The CAPM is of questionable value even if applied properly, it rarely is applied properly, and if it's applied improperly as a benchmark in today's ultralow interest rate environment, it gives a "gentleman's C" to banks with disappointingly low ROEs.

There's a more intuitive way to think about bank risk and return.

Assume a bank has $10 of book value. If it has an ROE of 10% and a 50% dividend payout ratio, it could pay a 50-cent dividend next year, which would grow at the same rate as book value, or 5% a year. The higher the bank's ROE, the higher the dividend and its growth rate. But it's hard to maintain a high ROE and grow rapidly, so risk is also higher.

If I buy this bank for book value, I earn a 5% dividend yield, and I'll realize 5% capital appreciation if the multiple holds firm. The higher the multiple of book value I pay for the bank, the lower my dividend yield. Capital appreciation holds at 5%, as long as the valuation multiple remains constant. But the higher the multiple, the greater the risk it contracts and costs me some capital appreciation.

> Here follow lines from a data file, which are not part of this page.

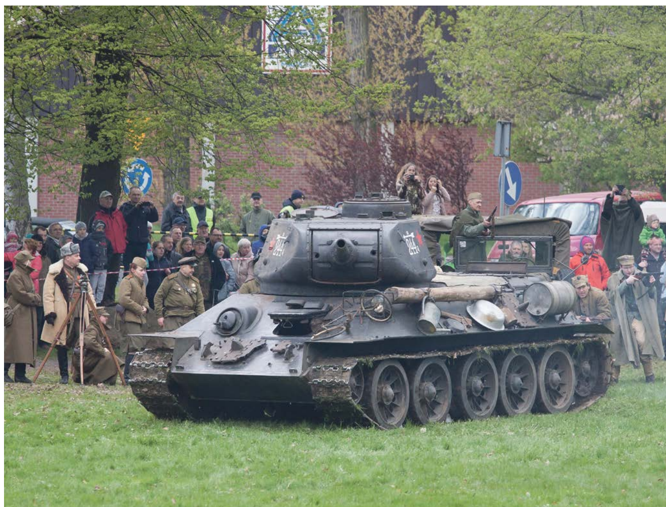
Serialowego „Rudego” każdy zna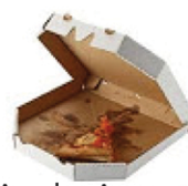
Cajas de pizza, cartón y papel encerado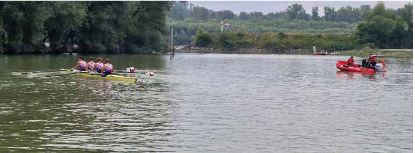
Im Zielbereich war ein kleines wendiges Rettungsboot der FF Alkoven im Einsatz.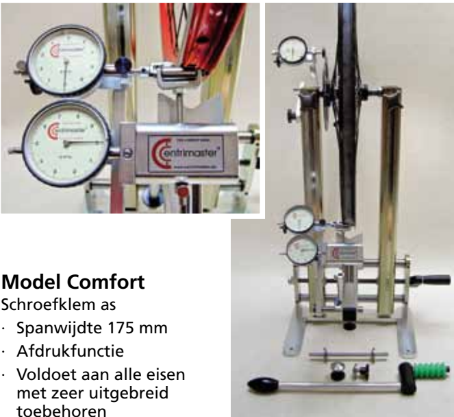
Model Comfort Schroefklem as · Spanwijdte 175 mm · Afdrukfunctie · Voldoet aan alle eisen met zeer uitgebreid toebehoren

NB! Alle basisframes zijn met de meetmiddelen compatibel (Type Genius is een zelfstandig systeem)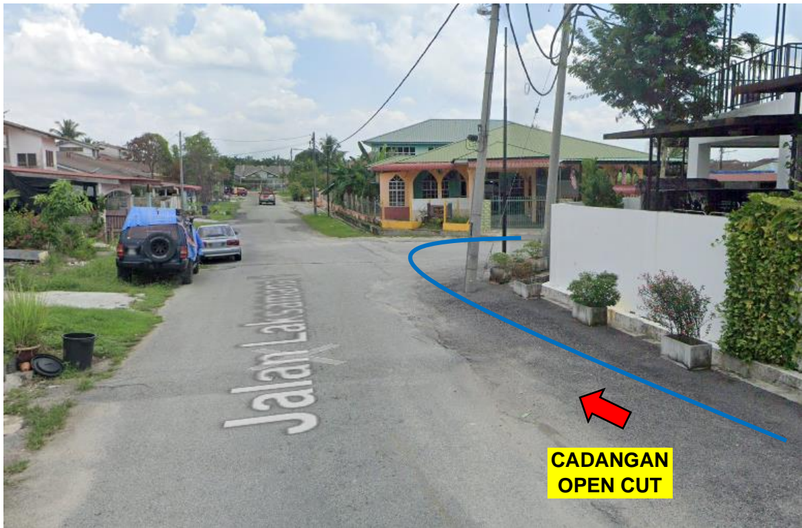
GAMBAR 5: KAWASAN KERJA MELIBATKAN PEMOTONGAN JALAN (OPEN CUT)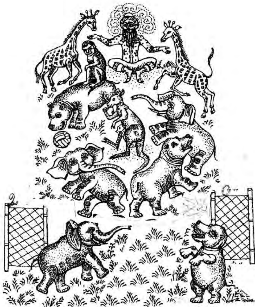
Рисунок Альбертины Фомченко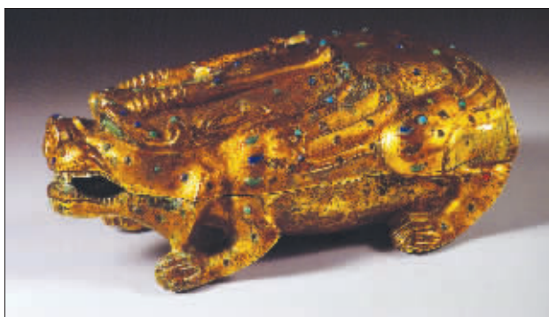
鎏金镶嵌兽形铜盒砚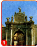
1. PORTA RUDIAE ACCADEMIA DI BELLE ARTI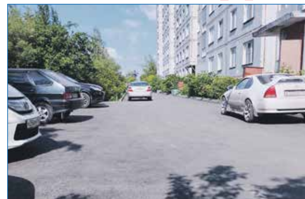
Благоустройство придомовой территории дома №24/1 ул. Учительская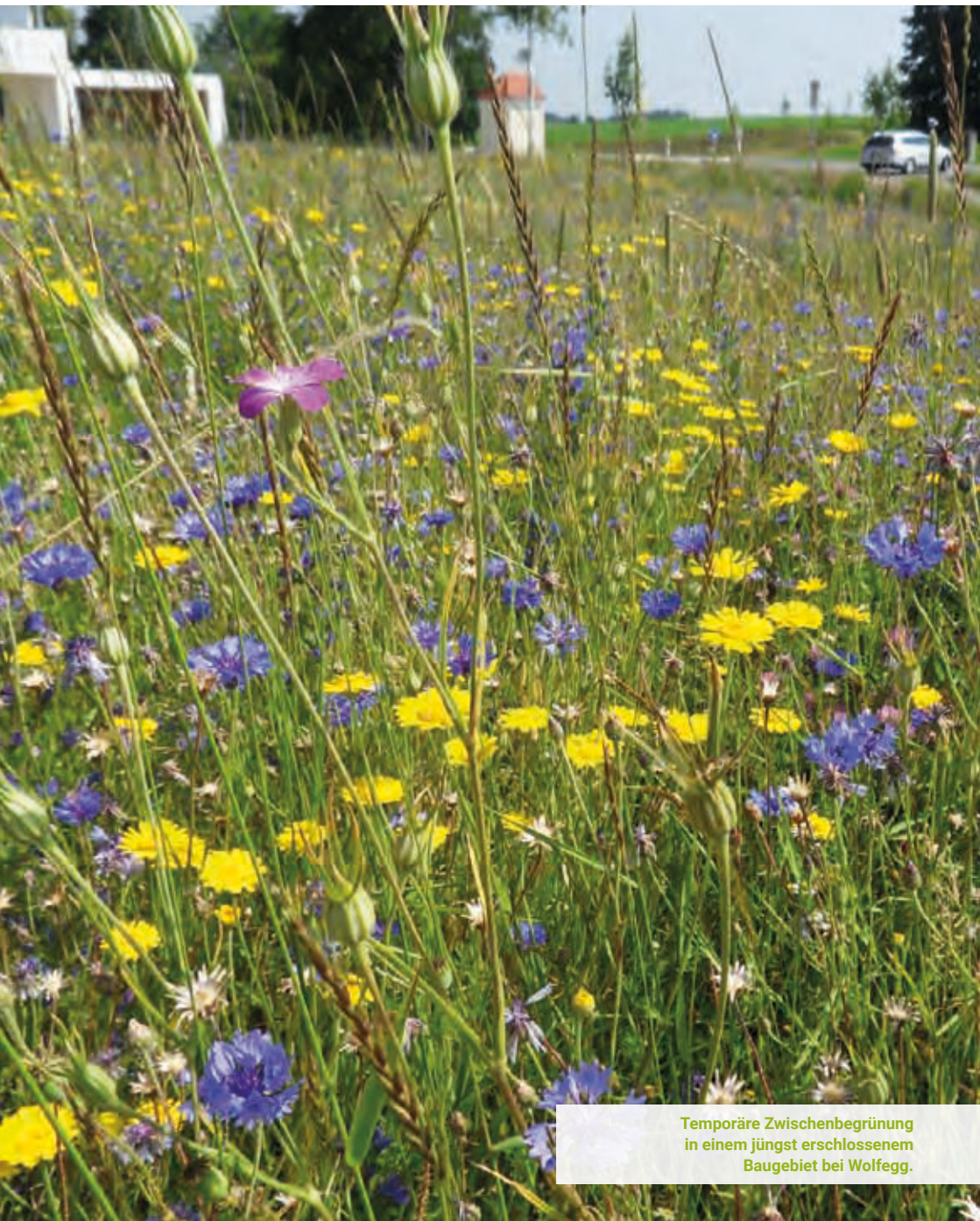
Temporäre Zwischenbegrünung in einem jüngst erschlossenem Baugebiet bei Wolfegg.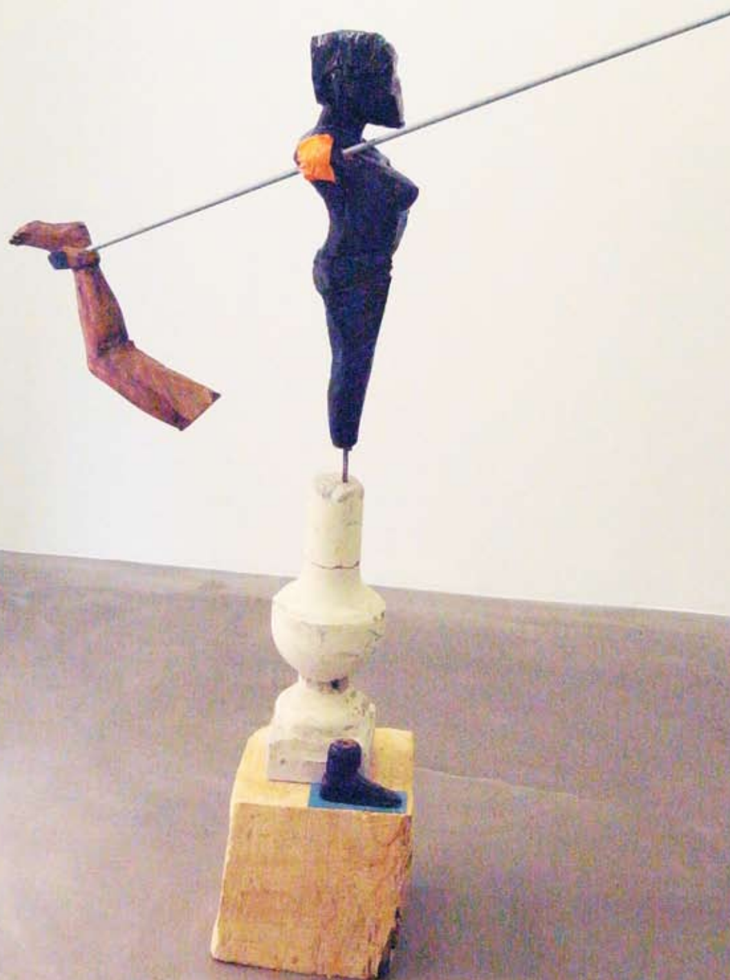
I've Seen That Face Before , 2011, bois, balustre, acier, statuette, lino, scotch, peinture bitumineuse, Vue de l' exposition Au Fil de la Bave , 2011, Galerie Alain Gutharc, Paris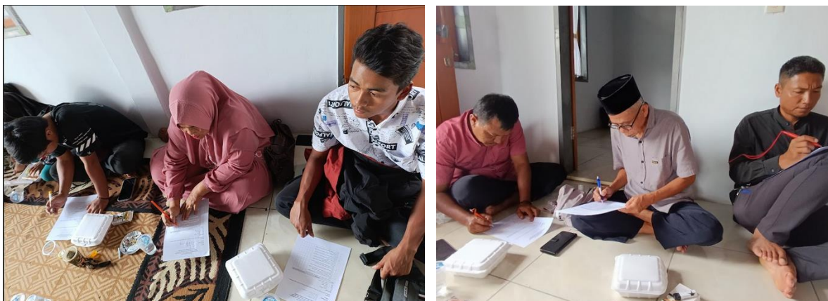
Gambar 8 Dan 9 : Foto Pelaksanaan Pre Test, Dan Past Test Kegiatan Pkm

Kegiatan Pengabdian kepada masyarakat ini diikuti sekitar 50 orang peserta yang terdiri dari Ibu-Ibu PKK dan Masyarakat Desa Tanjungkerta, baik sebagai pelaku UMKM maupun yang belum memiliki kegiatan usaha ataupun yang berminat membuka usaha baru, serta Anggota Koperasi Produsen Satujuan 171 Desa Tanjungkerta Kecamatan Pagerageung Kabupaten Tasikmalaya yang tergabung dalam wadah Paguyuban UMKM Satujuan Tasikmalaya. Hasil dari pelaksanaan PKM adalah masyarakat semakin mengerti tentang bagaimana memanfaatkan potensi daerah untuk meningkatkan kesejahteraan masyarakat melalui wirausaha serta permasalahan yang dihadapi wirausaha serta kemampuan peserta mengatasi permasalahan tersebut.. Hal ini dibuktikan dengan hasil pretest dan posttest yang dilakukan terhadap mereka. Hasil Pre Test dan Post Test diolah menggunakan alat uji Wilcoxon. Berdasarkan hasil uji beda (Uji Wilcoxon) menunjukkan ada perbedaan pada saat pre dan post, terlihat dari hasil signifikan 0,001 < 0,05 . Dengan demikian pembekalan UMKM terhadap masyarakat sangat bermanfaat sekali dan menambah pengetahuan dan keterampilan para pelaku peserta PKM di Desa Tanjungkerta Kecamatan Pagerageung Kabupaten Tasikmalaya.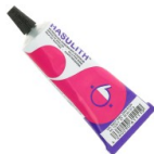
Pegamento para joyas Hasulith 30 ml Ref : : OUTIL-007 Cantidad : 1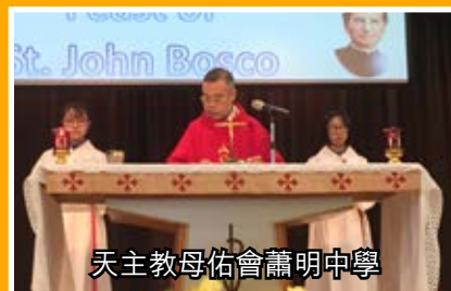
天主教母佑會蕭明中學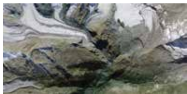
– photo aérienne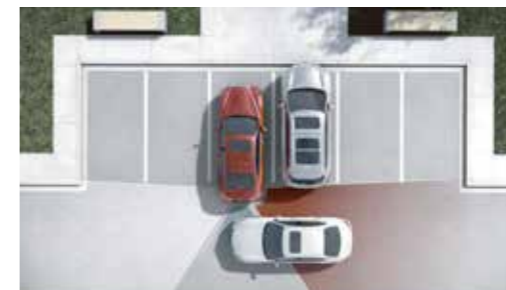
RAEB 倒車急停輔助系統 RCTA 後方側向車流警示系統

透過後保桿內兩側的遠距感應雷達偵測後方來車，若雷達感知器偵測到偵測區域中有車輛，車側指示燈會自動點亮警示；若此時駕駛欲變換車道，啟動方向燈，車側指示燈會閃爍、發出警示音並主動啟動單側煞車，協助導正行車方向。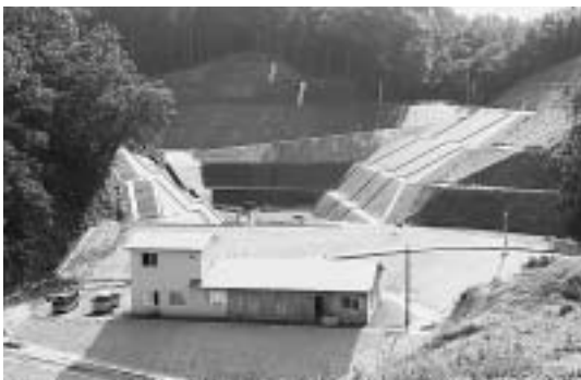
新不燃物埋立処分場建設事業

平成15年度決算については、12月市議会定例会に提出され承認されました。 一般会計の歳出総額は164億1,016万円、前年比9億7,100万円、6.3%の増となりました。これは主に、新しい不燃物埋立処分場の建設の開始及び、上平山田団地線をはじめとする道路の改良・補修を行なったことによるためです。 財政状況は依然として厳しい状況にありますが、必要となる生活環境基盤の整備や教育・福祉事業の推進を図り、市民一人ひとりが快適に暮らせるまちづくりに努めていきます。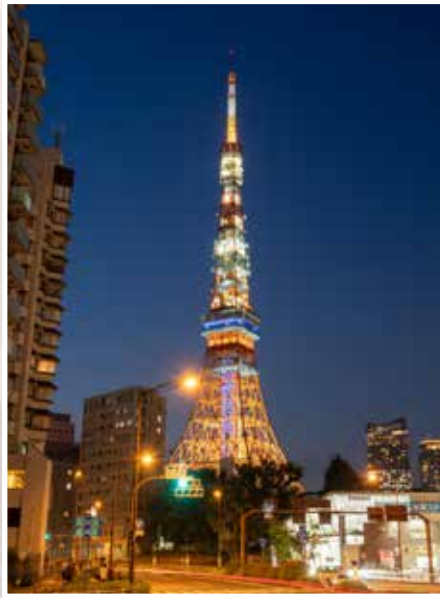
赤羽橋交差点から撮影したおなじみ「ランドマークライト」のライトアップ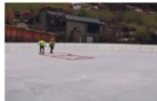
Der Eislaufplatz beim Pavillon soll dieser Tage in Betrieb gehen.

* Für den Eislaufplatz beim Pavillon wurde mit Unterstützung des TVB-Ortsausschusses Neustift eine neue Maschine gekauft. Auch der Platz steht schon und soll dieser Tage in Betrieb gehen. * Der Post Partner wechselte in die Scheibe, in ein Lokal von Manfred Ferchl. Öffnungszeiten: Montag bis Freitag, 13 bis 17 Uhr. * Das neue Hotel der Explorer-Kette in Neder ist eröffnet und in Betrieb. Gegen Ende der Bau-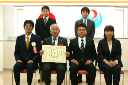
令和4年度 新丸山ダム技術資料作成業務 大同コンサルタンツ(株)様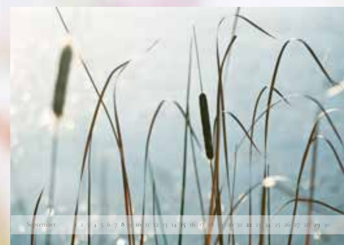
September - „Pompeschi“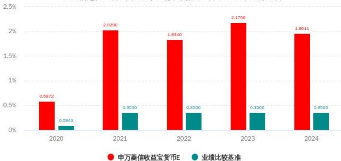
基金的过往业绩不代表未来表现，数据截止日：2024年12月31日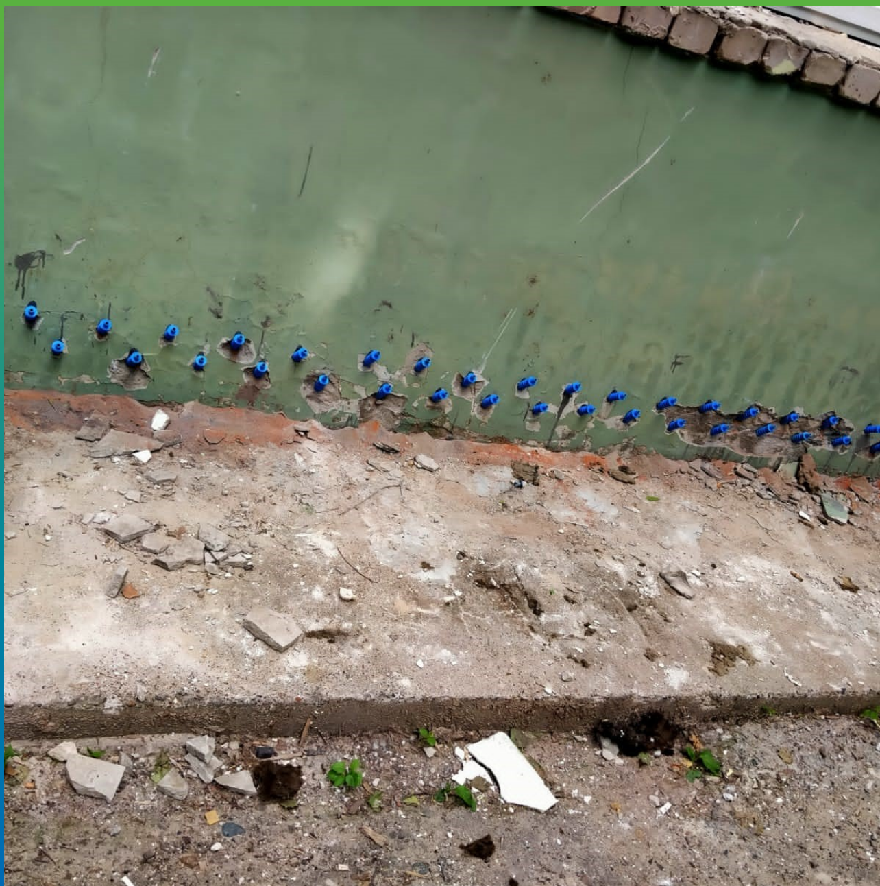
Бурение шпуров и монтаж пакеров для проведения работ по инъектированию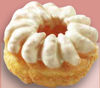
Spritzring mit Fondant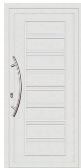
INN Couleur: Blanc Poignée: C-800-I

How great is that risk, and how much might the multiple contract? There's no simple answer, but looking at earnings yield (the reciprocal of the P/E) proves useful qualitatively. If a bank's earnings yield is low, its price/book multiple is high relative to its ROE. The earnings yield of many healthy banks is in the 9% to 11% range. But some institutions have earnings yields as low as 6%. Are they less risky? The CAPM would lead you to answer "yes"; lower expected return implies lower expected risk. And yet many of these banks have large short interest positions, so some investors are betting that they are overvalued.

Albert Einstein once said, "Make everything as simple as possible, but not simpler." In a more normal environment, where the risk-free rate was in the 6% to 7% range, a misapplication of the CAPM wouldn't be all that dangerous. Being one percentage point too low on cost of equity capital wouldn't cause an analyst's "fair value" estimate to balloon, nor would it lead a bank management team to approve a value-destructive, low-ROE investment.

But with risk-free rates being a lot lower now, costly mistakes are much more likely. I think Rizzi would like to see low-ROE banks shrink or sell rather than chase growth. I certainly would. Will a flawed 9% cost of equity estimate encourage these banks to do the right thing?

Harvard Winters, a former investment banker, writes research on banks.